Gourmet Girl Cooks said...

Hi CyberSis -- I really enjoyed it with the almonds and truly did not miss the rice whatsoever! The sauce is super simple and you can make it as thick or thin as you like -- its amazing how nicely peanut butter thickens it.

unter der laterne said...

Hi GG, the dish looks beautiful but you only produce colorful recipes. I have a question about the sauce, do you cook it *away*,( I am embarrassed about the phrasing, English is my 3rd acquired Language) or is there quite a bit left? You added 1 cup of broth! Thank you GG. I hope that you are enjoying better weather! Be well! Barbara from California.

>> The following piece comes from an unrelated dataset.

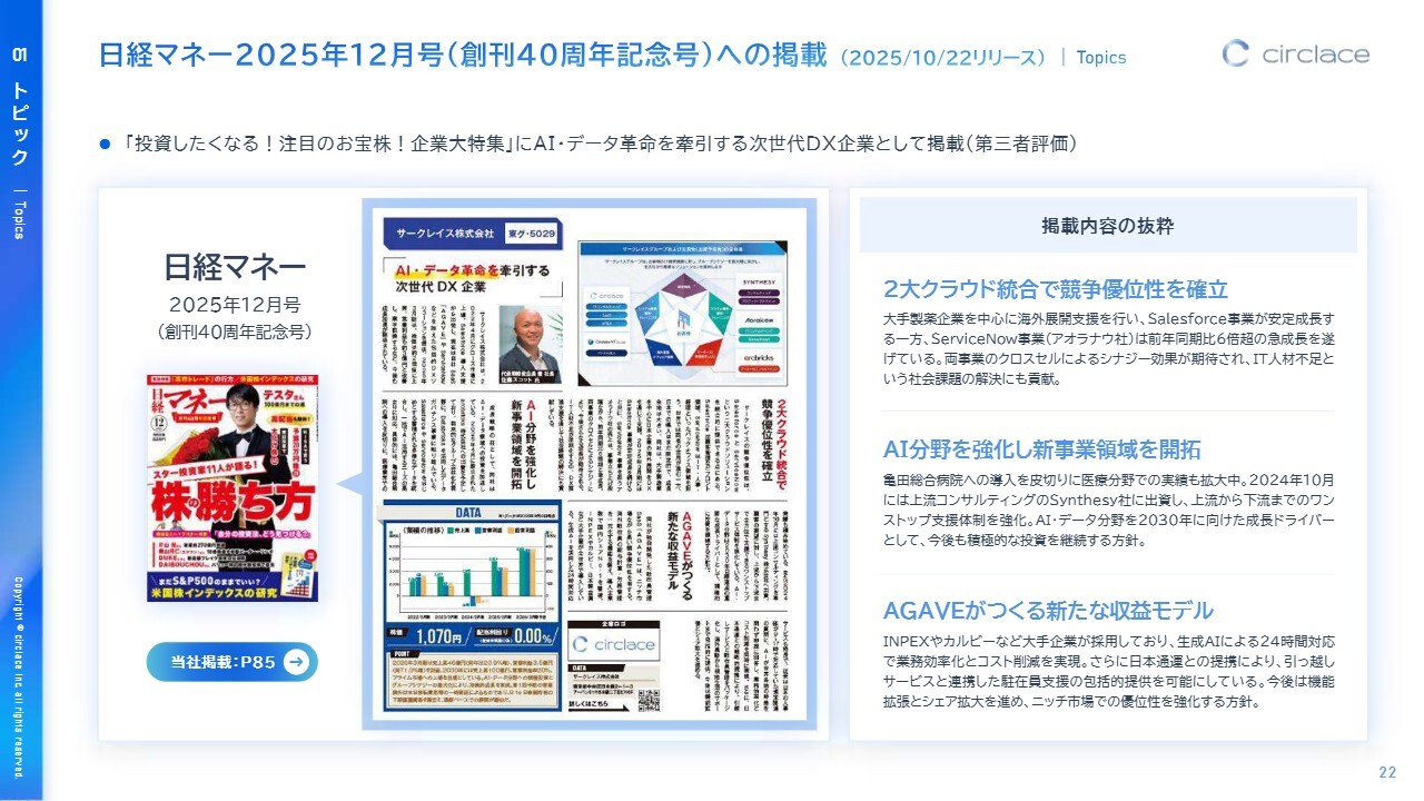 このたび、『日経マネー』の誌面において、「投資したくなる! 注目のお宝株! 企業大特集」にAIおよびデータ革命を牽引する次世代DX企業として当社が掲載されました。本号は現在も書店に並んでいますので、ぜひお手に取ってご覧いただければ幸いです。

Gourmet Girl Cooks said...

Hi Barbara! I don't completely cook it away -- I reduce it a little bit. I actually made that much sauce because my son and hubby like it since they eat it over rice. If you are not eating it on rice, you don't need to add quite as much broth -- start with 1/2 cup and then just adjust as necessary until it is the consistency you like. You can make it thicker if you like it to cling more to the meat and veggies. P.S.--if English is your 3rd acquired language...I am impressed! I would never had guess that. :-)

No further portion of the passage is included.